Directions for this task -
Copy the lines of the data below exactly, starting at the first and stopping after the line that contains "Bohatá příprava na práci s měřítkem mapy"; include no pictures.

[[ Records for the task, beginning ]]

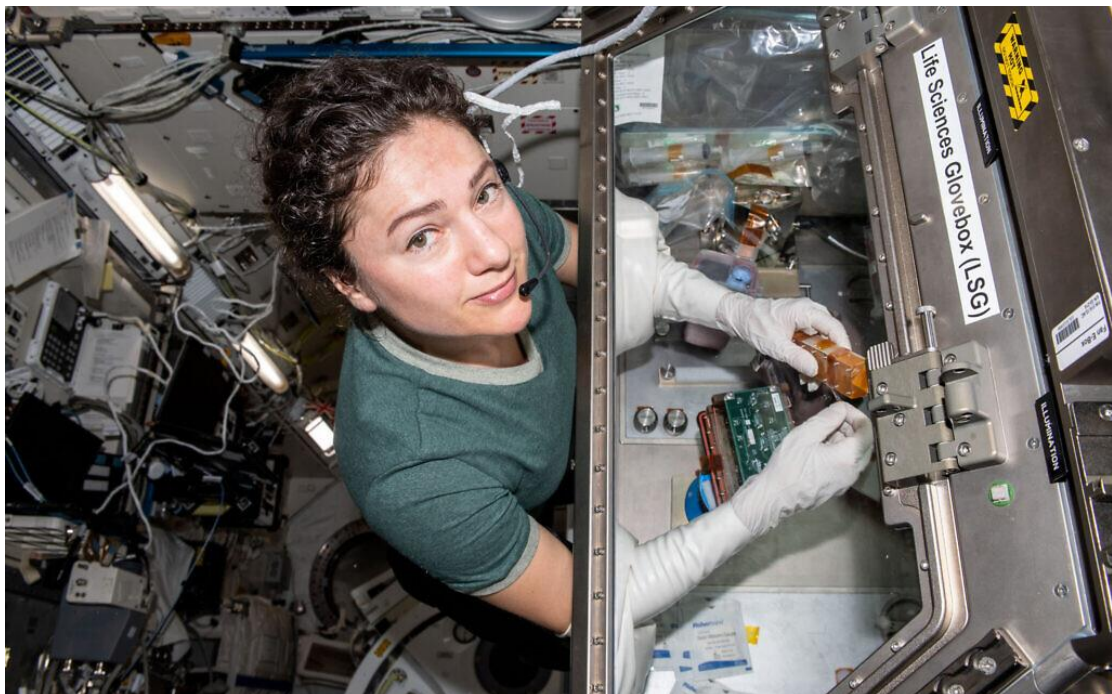
太空人潔西卡梅爾在國際太空站進行一項科學研究。

太空人潔西卡·梅爾在國際太空站進行一項科學研究。NASA 還有另一個實驗，旨在解決世上可供移植器官太少的問題，以及透過重力讓細胞長成器官組織的困難。生物製造設備 (biofabrication facility) 『使用人類細胞去製造的 3D 列印設施』，這個在國際太空站上碰到了一點問題。梅爾印製了心臟細胞和膝蓋半月板軟骨。
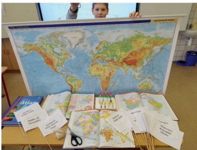
Bohatá příprava na práci s měřítkem mapy
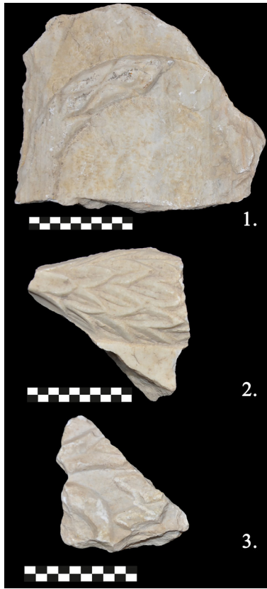
Fig. 8. Akanthus yaprakları ile kabartmalı bezemeler
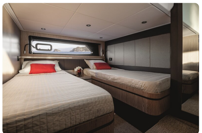
A45 Guest Cabin Twin beds
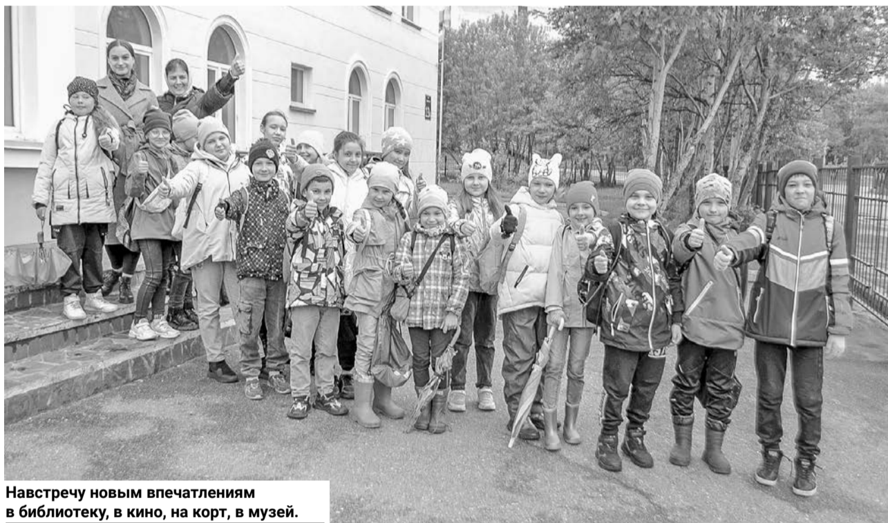
Навстречу новым впечатлениям в библиотеку, в кино, на корт, в музей.
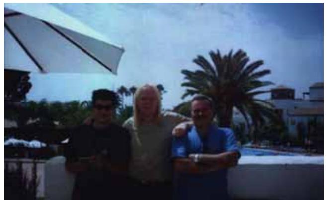
Estepona (Málaga), 21 de julio de 2003. Rick Wakeman (teclista de Yes), mi hijo y el que escribe este artículo

Concluiré diciendo que los tiempos pasan pero que el espíritu y el amor a la buena música persisten y persistirá en aquellas personas que seguimos asistiendo a los conciertos.
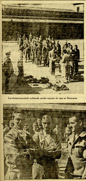
Grupo de prisioneros internacionales, en Sézanne después de enterarse de la orden del Generalísimo de ponerlos en libertad
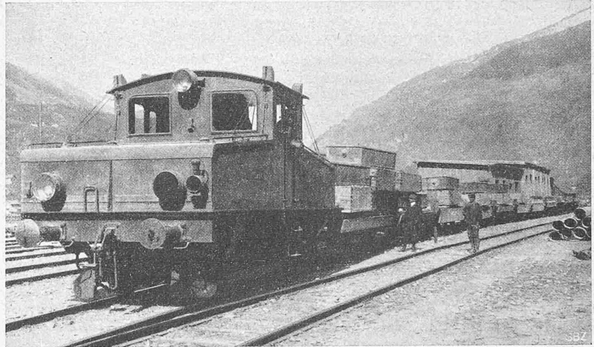
Abb. 23. Akkumulatoren-Lokomotive der A. E. G. mit Materialzug, vor der Einfahrt. Die Normalspurzüge werden tunnelseinwärts geschoben und tunnelseinwärts gezogen.

Jede Lokomotive hat zwei Akkumulatoren-Batterien; deren Kapazität beträgt bei gleichmässiger einständiger Entladung: 85 000 Wattstunden, zweistündiger „ : 106 000 „ dreistündiger „ : 124 000 „
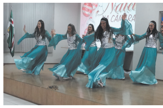
Ministério de Dança Kadosh - Igreja Batista de Carandaí Palavra Viva
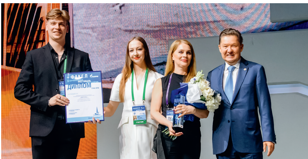
Алексей Миллер и заслуженный коллектив народного творчества Республики Башкортостан Народный ансамбль бального танца «Весна» («Газпром нефтехим Салават»)

В возрастной категории от 11 до 16 лет обладателем Гран-при стал детский фоль-
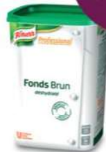
Knorr Professional Fonds Bruine Fond - Fonds Brun (0,9 kg)
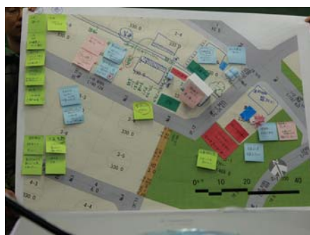
住宅地計画に関する WS の開催とデザイン提案
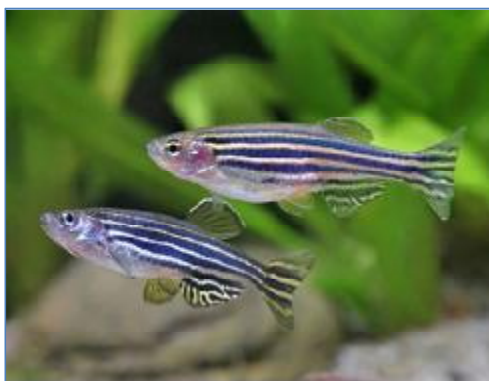
تصویر شماره ۱- ماهی گورخری برگرفته از

شیرین جهان دارد و به خوبی در صنعت آکواریوم و ماهیان زینتی اقصا نقاط جهان وارد شده است. از این ماهی برای کنترل بیولوژیک پشه در برخی نقاط دنیا (۲۵)، در صنعت آکواریوم و ماهیان زینتی (۲۶) و خصوصاً به عنوان یک گونه زیستی مدل ۶ در توسعه علوم مختلف زیست‌شناسی (۲۷ و ۲۸) استفاده می‌شود. به طور کلی ماهیان گورخری از زمان خروج از تخم (مرحله‌ی هچ شدن یا تخم‌گشایی) تا ۲۱ روز پس از آن مرحله‌ی نوزادی (ماهی نوزاد) ۷ ، از روز بیست و یکم تا نودمین روز مرحله‌ی جوانی (ماهی جوان) ۸ و پس از نود روز مرحله‌ی بلوغ (ماهی بالغ) ۹ را طی می‌کنند (۲۹).
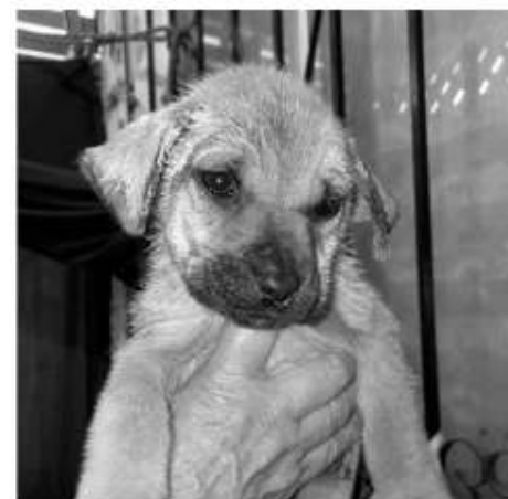
Facebook, Santuario-Esperanza o bien comunicarse al teléfono 100 24 52.
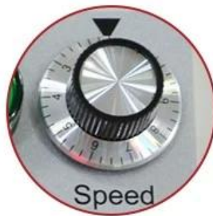
Speed Control Button
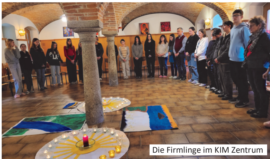
Die Firmlinge im KIM Zentrum
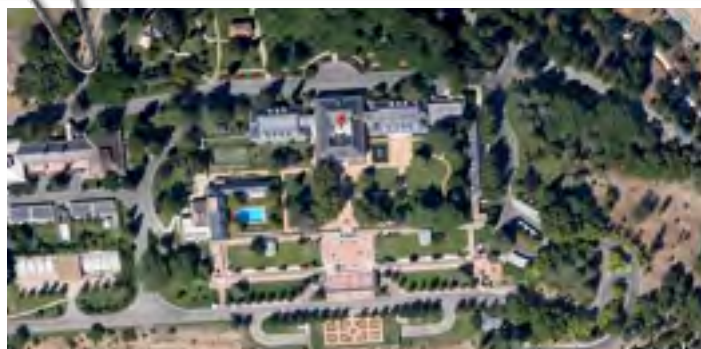
Vista del Palacio de la Zarzuela
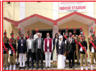
Peer Team with the NCC Cadets
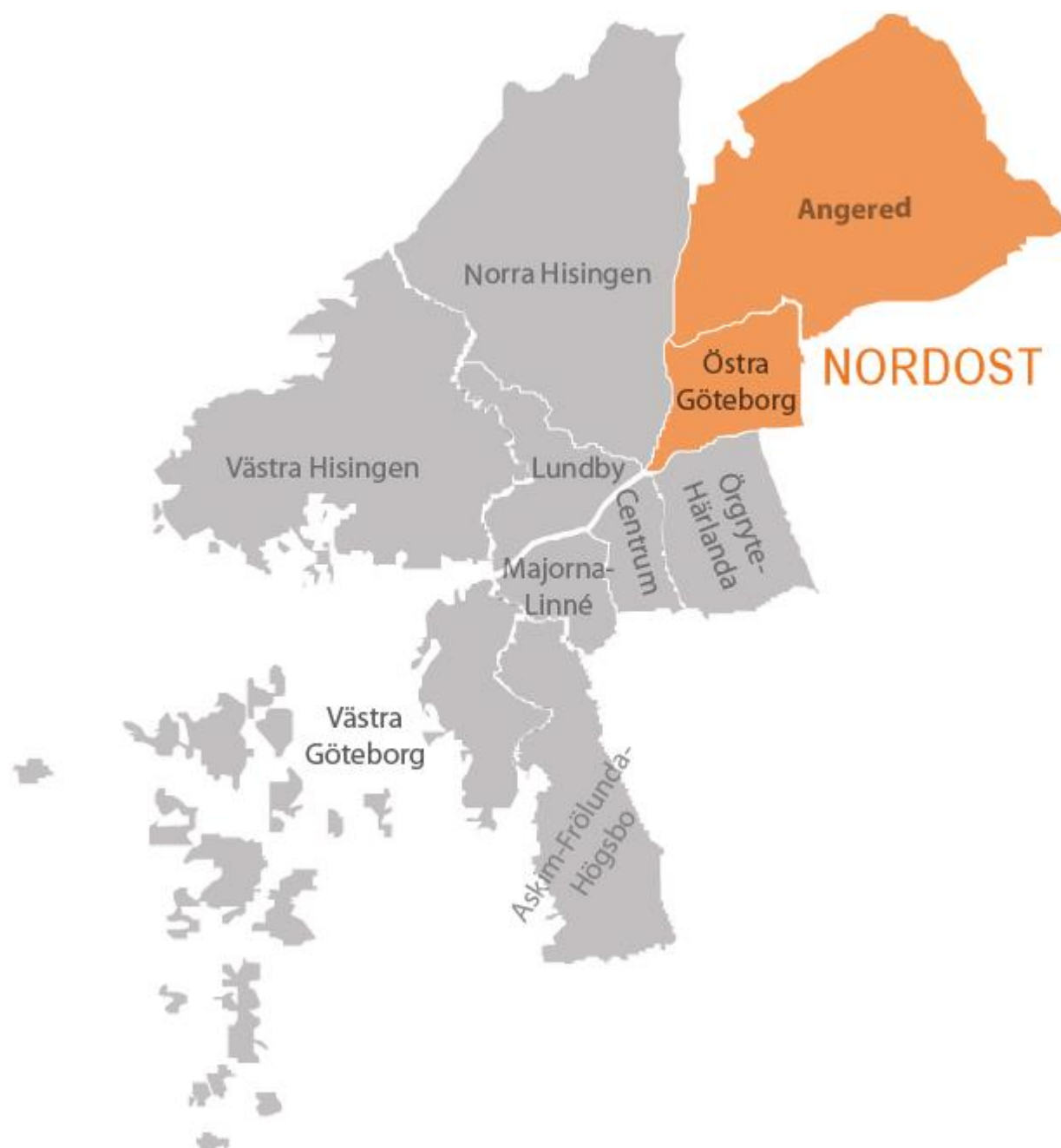
Figur 4. Karta över Göteborgs stadsdelsnämnder med området "nordost" markerat ( www.utvecklingnordost.se ).

[[ Records for the task, end ]]

Exercise answer -
太空人潔西卡梅爾在國際太空站進行一項科學研究。

太空人潔西卡·梅爾在國際太空站進行一項科學研究。NASA 還有另一個實驗，旨在解決世上可供移植器官太少的問題，以及透過重力讓細胞長成器官組織的困難。生物製造設備 (biofabrication facility) 『使用人類細胞去製造的 3D 列印設施』，這個在國際太空站上碰到了一點問題。梅爾印製了心臟細胞和膝蓋半月板軟骨。
Bohatá příprava na práci s měřítkem mapy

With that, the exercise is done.